[antlr-interest] Very high runtime and memory usage caused by trivial grammar => Is it my mistake?

Thu Oct 21 02:11:27 PDT 2010

Hello Bart,

And thank you for your quick answer:

> The rule:
> SOMETOKEN
>  :  ('a')*
>  ;
> matches empty strings, and there are an infinite amount of them before your
> input "<". This is probably the cause of the behavior you're
> witnessing.
Thus I understood that I was stuck in a thinking of looking at my example grammar in a BNF-like way (that way only "a" and the empty string would have been viable inputs to my grammar). Contrary to this perspective, the cause for the mentioned behaviour is the (inevitable) context-unawareness of the lexer, as I defined a lexer token possibly matching empty input.

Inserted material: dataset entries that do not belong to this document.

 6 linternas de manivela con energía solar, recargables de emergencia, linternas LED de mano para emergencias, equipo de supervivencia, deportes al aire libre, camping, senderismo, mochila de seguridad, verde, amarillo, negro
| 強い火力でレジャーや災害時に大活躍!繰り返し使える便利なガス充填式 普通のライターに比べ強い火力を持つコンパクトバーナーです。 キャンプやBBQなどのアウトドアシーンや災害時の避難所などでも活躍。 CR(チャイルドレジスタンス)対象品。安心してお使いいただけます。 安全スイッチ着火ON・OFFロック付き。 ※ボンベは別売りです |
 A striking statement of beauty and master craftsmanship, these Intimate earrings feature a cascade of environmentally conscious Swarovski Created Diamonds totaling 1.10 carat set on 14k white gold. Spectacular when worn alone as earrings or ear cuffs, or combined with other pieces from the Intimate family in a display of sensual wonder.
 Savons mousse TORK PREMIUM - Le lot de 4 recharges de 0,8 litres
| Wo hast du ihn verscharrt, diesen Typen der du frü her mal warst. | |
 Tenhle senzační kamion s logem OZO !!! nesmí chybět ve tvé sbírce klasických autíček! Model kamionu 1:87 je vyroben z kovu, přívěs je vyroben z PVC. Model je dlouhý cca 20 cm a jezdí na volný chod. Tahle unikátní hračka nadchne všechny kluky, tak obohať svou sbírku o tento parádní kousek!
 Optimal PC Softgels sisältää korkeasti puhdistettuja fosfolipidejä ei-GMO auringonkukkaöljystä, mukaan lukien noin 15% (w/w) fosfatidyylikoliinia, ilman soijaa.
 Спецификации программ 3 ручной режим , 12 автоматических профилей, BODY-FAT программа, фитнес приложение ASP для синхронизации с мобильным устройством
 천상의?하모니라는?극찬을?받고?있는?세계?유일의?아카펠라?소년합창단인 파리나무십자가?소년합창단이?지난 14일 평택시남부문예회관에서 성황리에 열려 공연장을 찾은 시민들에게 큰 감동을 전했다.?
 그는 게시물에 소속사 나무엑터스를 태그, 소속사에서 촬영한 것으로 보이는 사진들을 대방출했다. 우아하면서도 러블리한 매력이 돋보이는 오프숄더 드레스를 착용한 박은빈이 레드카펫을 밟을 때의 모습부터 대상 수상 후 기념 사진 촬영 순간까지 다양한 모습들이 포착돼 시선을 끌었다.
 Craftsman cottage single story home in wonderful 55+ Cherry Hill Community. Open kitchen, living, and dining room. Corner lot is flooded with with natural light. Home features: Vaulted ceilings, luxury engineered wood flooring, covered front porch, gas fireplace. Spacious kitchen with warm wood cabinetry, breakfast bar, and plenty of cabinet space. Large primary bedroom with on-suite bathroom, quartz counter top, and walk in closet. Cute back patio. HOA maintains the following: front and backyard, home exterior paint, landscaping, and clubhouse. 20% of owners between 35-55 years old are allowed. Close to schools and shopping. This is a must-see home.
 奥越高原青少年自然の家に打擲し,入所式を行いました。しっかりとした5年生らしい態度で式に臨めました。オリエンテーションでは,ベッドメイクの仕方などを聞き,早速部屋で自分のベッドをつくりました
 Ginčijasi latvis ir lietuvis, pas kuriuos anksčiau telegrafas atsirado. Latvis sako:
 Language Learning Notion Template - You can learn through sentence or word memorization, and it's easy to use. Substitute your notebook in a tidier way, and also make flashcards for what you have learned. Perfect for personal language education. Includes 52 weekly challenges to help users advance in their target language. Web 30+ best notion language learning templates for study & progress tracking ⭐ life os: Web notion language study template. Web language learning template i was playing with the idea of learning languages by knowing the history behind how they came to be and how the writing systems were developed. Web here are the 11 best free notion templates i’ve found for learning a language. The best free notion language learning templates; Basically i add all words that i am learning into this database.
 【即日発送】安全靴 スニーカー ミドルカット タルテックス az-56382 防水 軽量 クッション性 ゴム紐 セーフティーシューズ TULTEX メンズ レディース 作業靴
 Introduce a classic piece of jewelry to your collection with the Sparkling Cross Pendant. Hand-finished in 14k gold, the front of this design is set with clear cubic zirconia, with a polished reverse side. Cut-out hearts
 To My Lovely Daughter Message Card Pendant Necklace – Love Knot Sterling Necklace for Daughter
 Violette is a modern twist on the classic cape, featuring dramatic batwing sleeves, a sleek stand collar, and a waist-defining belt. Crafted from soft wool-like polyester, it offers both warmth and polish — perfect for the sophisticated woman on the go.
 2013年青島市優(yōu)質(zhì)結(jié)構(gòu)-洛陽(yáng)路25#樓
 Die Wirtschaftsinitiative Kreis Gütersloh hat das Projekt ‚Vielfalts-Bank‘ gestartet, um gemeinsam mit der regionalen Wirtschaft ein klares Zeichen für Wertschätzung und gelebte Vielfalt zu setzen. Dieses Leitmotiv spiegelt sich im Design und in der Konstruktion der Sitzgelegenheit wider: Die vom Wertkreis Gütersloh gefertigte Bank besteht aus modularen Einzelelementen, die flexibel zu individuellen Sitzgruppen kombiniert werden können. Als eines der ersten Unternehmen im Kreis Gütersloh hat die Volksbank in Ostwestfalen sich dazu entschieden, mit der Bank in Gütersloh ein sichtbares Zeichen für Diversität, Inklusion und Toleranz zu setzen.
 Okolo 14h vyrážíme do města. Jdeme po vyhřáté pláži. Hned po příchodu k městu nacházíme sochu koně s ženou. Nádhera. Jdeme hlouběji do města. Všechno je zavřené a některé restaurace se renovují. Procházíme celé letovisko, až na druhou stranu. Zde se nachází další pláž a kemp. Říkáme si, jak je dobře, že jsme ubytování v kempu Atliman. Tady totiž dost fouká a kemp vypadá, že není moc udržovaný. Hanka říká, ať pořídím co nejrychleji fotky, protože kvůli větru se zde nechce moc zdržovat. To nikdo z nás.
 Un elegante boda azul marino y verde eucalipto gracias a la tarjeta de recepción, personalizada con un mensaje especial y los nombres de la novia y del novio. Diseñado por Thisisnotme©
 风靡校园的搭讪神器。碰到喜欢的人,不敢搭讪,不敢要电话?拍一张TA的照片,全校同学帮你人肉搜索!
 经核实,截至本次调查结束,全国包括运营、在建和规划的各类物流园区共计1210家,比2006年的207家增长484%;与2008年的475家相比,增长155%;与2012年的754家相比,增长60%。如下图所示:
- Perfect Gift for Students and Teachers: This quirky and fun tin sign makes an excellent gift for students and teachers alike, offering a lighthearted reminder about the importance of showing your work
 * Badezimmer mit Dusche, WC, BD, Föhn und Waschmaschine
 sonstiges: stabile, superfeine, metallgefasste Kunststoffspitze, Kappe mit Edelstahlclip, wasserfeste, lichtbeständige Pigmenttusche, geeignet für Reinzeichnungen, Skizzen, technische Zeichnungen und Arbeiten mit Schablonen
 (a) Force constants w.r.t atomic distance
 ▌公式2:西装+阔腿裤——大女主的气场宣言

> Change it into 'a'+ and see if things run differently.
I changed the grammar as advised:

--------------------------------------------------------
grammar problem;

main_rule
        :       SOMETOKEN;

SOMETOKEN
        :       ('a')+;
--------------------------------------------------------

Executing the generated code on the input string "<", the before-mentioned memory usage disappears, but I get a seemingly endless stream of the following output lines on my console:

        "line 1:0 required (...)+ loop did not match anything at character '<'"

Up to this point I thought, I got it. I assume, that the above output line is generated by the lexer. I defined only one lexer token in my grammar, which is wouldn't match an empty string anymore. So why doesn't the lexer stop after unsuccessfully trying to match the string - and runs on instead?

Thanks in advance and best regards,
   Ralf Cremerius